:: WHAT IS REQUIRED ::
Copy each entry below exactly as it reads.

:: EXTRACTED INFORMATION ::

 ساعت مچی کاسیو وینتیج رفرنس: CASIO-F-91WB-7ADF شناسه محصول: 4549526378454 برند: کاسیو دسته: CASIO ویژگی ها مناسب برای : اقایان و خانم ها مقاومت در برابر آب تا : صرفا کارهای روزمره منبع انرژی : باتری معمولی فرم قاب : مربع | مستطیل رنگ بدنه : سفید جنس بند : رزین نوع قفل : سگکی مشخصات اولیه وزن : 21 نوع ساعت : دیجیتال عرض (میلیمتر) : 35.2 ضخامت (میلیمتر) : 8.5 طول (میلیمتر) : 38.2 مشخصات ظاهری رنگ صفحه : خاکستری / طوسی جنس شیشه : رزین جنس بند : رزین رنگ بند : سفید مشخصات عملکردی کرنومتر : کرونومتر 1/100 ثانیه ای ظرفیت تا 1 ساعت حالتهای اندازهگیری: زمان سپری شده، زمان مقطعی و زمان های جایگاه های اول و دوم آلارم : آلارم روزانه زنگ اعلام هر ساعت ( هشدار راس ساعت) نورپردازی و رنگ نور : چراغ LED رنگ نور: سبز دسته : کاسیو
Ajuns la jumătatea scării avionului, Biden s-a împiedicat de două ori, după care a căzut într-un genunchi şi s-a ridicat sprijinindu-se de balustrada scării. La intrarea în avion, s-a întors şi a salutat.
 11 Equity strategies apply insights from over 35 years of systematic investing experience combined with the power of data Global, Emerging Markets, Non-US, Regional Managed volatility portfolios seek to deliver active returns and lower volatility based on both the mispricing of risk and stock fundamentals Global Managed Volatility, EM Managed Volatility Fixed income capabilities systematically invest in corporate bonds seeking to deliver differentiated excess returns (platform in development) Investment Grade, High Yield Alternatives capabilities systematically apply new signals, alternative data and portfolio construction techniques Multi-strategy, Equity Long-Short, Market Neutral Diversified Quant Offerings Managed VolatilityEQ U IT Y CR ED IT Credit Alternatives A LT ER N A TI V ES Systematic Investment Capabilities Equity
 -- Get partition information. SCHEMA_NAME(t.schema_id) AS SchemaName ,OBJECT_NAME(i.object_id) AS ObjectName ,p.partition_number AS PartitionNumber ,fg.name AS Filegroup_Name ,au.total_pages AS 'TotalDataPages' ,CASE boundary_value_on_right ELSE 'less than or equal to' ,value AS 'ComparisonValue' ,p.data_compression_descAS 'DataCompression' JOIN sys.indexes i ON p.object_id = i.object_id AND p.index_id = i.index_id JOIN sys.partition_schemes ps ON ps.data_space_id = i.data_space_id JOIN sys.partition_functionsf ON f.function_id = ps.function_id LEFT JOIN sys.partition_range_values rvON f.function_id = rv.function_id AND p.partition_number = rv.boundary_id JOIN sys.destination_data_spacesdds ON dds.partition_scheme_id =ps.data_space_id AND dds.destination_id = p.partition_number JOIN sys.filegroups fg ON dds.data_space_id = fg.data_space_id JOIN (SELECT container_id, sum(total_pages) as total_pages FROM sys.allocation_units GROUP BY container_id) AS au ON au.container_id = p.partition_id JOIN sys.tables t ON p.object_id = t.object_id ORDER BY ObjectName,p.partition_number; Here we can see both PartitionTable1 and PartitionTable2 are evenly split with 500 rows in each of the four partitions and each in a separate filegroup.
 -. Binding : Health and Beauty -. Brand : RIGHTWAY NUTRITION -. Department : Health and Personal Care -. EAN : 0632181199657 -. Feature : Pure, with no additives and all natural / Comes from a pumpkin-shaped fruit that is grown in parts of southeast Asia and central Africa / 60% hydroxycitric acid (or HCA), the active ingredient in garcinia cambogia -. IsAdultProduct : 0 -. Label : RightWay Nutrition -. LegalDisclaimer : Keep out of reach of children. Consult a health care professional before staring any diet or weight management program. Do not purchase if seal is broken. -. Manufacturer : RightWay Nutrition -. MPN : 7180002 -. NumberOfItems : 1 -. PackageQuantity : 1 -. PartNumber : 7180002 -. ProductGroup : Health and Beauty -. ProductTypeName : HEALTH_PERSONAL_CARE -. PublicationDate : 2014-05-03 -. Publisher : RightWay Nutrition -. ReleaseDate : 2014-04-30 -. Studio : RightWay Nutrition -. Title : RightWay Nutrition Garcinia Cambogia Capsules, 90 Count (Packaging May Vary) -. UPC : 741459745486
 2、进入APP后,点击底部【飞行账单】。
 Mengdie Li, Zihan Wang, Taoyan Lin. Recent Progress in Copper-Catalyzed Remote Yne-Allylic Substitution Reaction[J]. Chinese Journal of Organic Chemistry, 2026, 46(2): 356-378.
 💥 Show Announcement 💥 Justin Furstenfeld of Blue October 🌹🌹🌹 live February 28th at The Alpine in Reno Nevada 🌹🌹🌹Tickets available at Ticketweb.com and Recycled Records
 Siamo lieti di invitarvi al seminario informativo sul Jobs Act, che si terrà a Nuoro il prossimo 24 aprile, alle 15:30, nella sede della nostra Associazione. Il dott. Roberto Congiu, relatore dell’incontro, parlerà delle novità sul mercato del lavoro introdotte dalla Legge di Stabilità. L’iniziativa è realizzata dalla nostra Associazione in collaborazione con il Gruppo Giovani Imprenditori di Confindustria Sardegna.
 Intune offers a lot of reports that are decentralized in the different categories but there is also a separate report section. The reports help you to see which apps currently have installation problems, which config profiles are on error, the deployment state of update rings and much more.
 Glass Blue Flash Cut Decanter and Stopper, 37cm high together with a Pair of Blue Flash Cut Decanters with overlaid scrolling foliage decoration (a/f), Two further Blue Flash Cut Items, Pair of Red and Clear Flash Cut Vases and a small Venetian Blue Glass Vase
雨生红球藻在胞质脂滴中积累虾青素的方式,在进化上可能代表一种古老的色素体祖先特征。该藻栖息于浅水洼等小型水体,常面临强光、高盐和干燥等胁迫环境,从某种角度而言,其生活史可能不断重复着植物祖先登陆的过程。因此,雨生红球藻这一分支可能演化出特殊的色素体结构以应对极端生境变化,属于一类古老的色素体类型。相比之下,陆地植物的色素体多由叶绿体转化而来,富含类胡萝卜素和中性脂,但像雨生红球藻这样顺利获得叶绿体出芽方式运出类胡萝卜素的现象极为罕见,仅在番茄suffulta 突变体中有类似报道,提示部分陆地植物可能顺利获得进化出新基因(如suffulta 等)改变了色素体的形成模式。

:: REPLY ::
 ساعت مچی کاسیو وینتیج رفرنس: CASIO-F-91WB-7ADF شناسه محصول: 4549526378454 برند: کاسیو دسته: CASIO ویژگی ها مناسب برای : اقایان و خانم ها مقاومت در برابر آب تا : صرفا کارهای روزمره منبع انرژی : باتری معمولی فرم قاب : مربع | مستطیل رنگ بدنه : سفید جنس بند : رزین نوع قفل : سگکی مشخصات اولیه وزن : 21 نوع ساعت : دیجیتال عرض (میلیمتر) : 35.2 ضخامت (میلیمتر) : 8.5 طول (میلیمتر) : 38.2 مشخصات ظاهری رنگ صفحه : خاکستری / طوسی جنس شیشه : رزین جنس بند : رزین رنگ بند : سفید مشخصات عملکردی کرنومتر : کرونومتر 1/100 ثانیه ای ظرفیت تا 1 ساعت حالتهای اندازهگیری: زمان سپری شده، زمان مقطعی و زمان های جایگاه های اول و دوم آلارم : آلارم روزانه زنگ اعلام هر ساعت ( هشدار راس ساعت) نورپردازی و رنگ نور : چراغ LED رنگ نور: سبز دسته : کاسیو
Ajuns la jumătatea scării avionului, Biden s-a împiedicat de două ori, după care a căzut într-un genunchi şi s-a ridicat sprijinindu-se de balustrada scării. La intrarea în avion, s-a întors şi a salutat.
 11 Equity strategies apply insights from over 35 years of systematic investing experience combined with the power of data Global, Emerging Markets, Non-US, Regional Managed volatility portfolios seek to deliver active returns and lower volatility based on both the mispricing of risk and stock fundamentals Global Managed Volatility, EM Managed Volatility Fixed income capabilities systematically invest in corporate bonds seeking to deliver differentiated excess returns (platform in development) Investment Grade, High Yield Alternatives capabilities systematically apply new signals, alternative data and portfolio construction techniques Multi-strategy, Equity Long-Short, Market Neutral Diversified Quant Offerings Managed VolatilityEQ U IT Y CR ED IT Credit Alternatives A LT ER N A TI V ES Systematic Investment Capabilities Equity
 -- Get partition information. SCHEMA_NAME(t.schema_id) AS SchemaName ,OBJECT_NAME(i.object_id) AS ObjectName ,p.partition_number AS PartitionNumber ,fg.name AS Filegroup_Name ,au.total_pages AS 'TotalDataPages' ,CASE boundary_value_on_right ELSE 'less than or equal to' ,value AS 'ComparisonValue' ,p.data_compression_descAS 'DataCompression' JOIN sys.indexes i ON p.object_id = i.object_id AND p.index_id = i.index_id JOIN sys.partition_schemes ps ON ps.data_space_id = i.data_space_id JOIN sys.partition_functionsf ON f.function_id = ps.function_id LEFT JOIN sys.partition_range_values rvON f.function_id = rv.function_id AND p.partition_number = rv.boundary_id JOIN sys.destination_data_spacesdds ON dds.partition_scheme_id =ps.data_space_id AND dds.destination_id = p.partition_number JOIN sys.filegroups fg ON dds.data_space_id = fg.data_space_id JOIN (SELECT container_id, sum(total_pages) as total_pages FROM sys.allocation_units GROUP BY container_id) AS au ON au.container_id = p.partition_id JOIN sys.tables t ON p.object_id = t.object_id ORDER BY ObjectName,p.partition_number; Here we can see both PartitionTable1 and PartitionTable2 are evenly split with 500 rows in each of the four partitions and each in a separate filegroup.
 -. Binding : Health and Beauty -. Brand : RIGHTWAY NUTRITION -. Department : Health and Personal Care -. EAN : 0632181199657 -. Feature : Pure, with no additives and all natural / Comes from a pumpkin-shaped fruit that is grown in parts of southeast Asia and central Africa / 60% hydroxycitric acid (or HCA), the active ingredient in garcinia cambogia -. IsAdultProduct : 0 -. Label : RightWay Nutrition -. LegalDisclaimer : Keep out of reach of children. Consult a health care professional before staring any diet or weight management program. Do not purchase if seal is broken. -. Manufacturer : RightWay Nutrition -. MPN : 7180002 -. NumberOfItems : 1 -. PackageQuantity : 1 -. PartNumber : 7180002 -. ProductGroup : Health and Beauty -. ProductTypeName : HEALTH_PERSONAL_CARE -. PublicationDate : 2014-05-03 -. Publisher : RightWay Nutrition -. ReleaseDate : 2014-04-30 -. Studio : RightWay Nutrition -. Title : RightWay Nutrition Garcinia Cambogia Capsules, 90 Count (Packaging May Vary) -. UPC : 741459745486
 2、进入APP后,点击底部【飞行账单】。
 Mengdie Li, Zihan Wang, Taoyan Lin. Recent Progress in Copper-Catalyzed Remote Yne-Allylic Substitution Reaction[J]. Chinese Journal of Organic Chemistry, 2026, 46(2): 356-378.
 💥 Show Announcement 💥 Justin Furstenfeld of Blue October 🌹🌹🌹 live February 28th at The Alpine in Reno Nevada 🌹🌹🌹Tickets available at Ticketweb.com and Recycled Records
 Siamo lieti di invitarvi al seminario informativo sul Jobs Act, che si terrà a Nuoro il prossimo 24 aprile, alle 15:30, nella sede della nostra Associazione. Il dott. Roberto Congiu, relatore dell’incontro, parlerà delle novità sul mercato del lavoro introdotte dalla Legge di Stabilità. L’iniziativa è realizzata dalla nostra Associazione in collaborazione con il Gruppo Giovani Imprenditori di Confindustria Sardegna.
 Intune offers a lot of reports that are decentralized in the different categories but there is also a separate report section. The reports help you to see which apps currently have installation problems, which config profiles are on error, the deployment state of update rings and much more.
 Glass Blue Flash Cut Decanter and Stopper, 37cm high together with a Pair of Blue Flash Cut Decanters with overlaid scrolling foliage decoration (a/f), Two further Blue Flash Cut Items, Pair of Red and Clear Flash Cut Vases and a small Venetian Blue Glass Vase
雨生红球藻在胞质脂滴中积累虾青素的方式,在进化上可能代表一种古老的色素体祖先特征。该藻栖息于浅水洼等小型水体,常面临强光、高盐和干燥等胁迫环境,从某种角度而言,其生活史可能不断重复着植物祖先登陆的过程。因此,雨生红球藻这一分支可能演化出特殊的色素体结构以应对极端生境变化,属于一类古老的色素体类型。相比之下,陆地植物的色素体多由叶绿体转化而来,富含类胡萝卜素和中性脂,但像雨生红球藻这样顺利获得叶绿体出芽方式运出类胡萝卜素的现象极为罕见,仅在番茄suffulta 突变体中有类似报道,提示部分陆地植物可能顺利获得进化出新基因(如suffulta 等)改变了色素体的形成模式。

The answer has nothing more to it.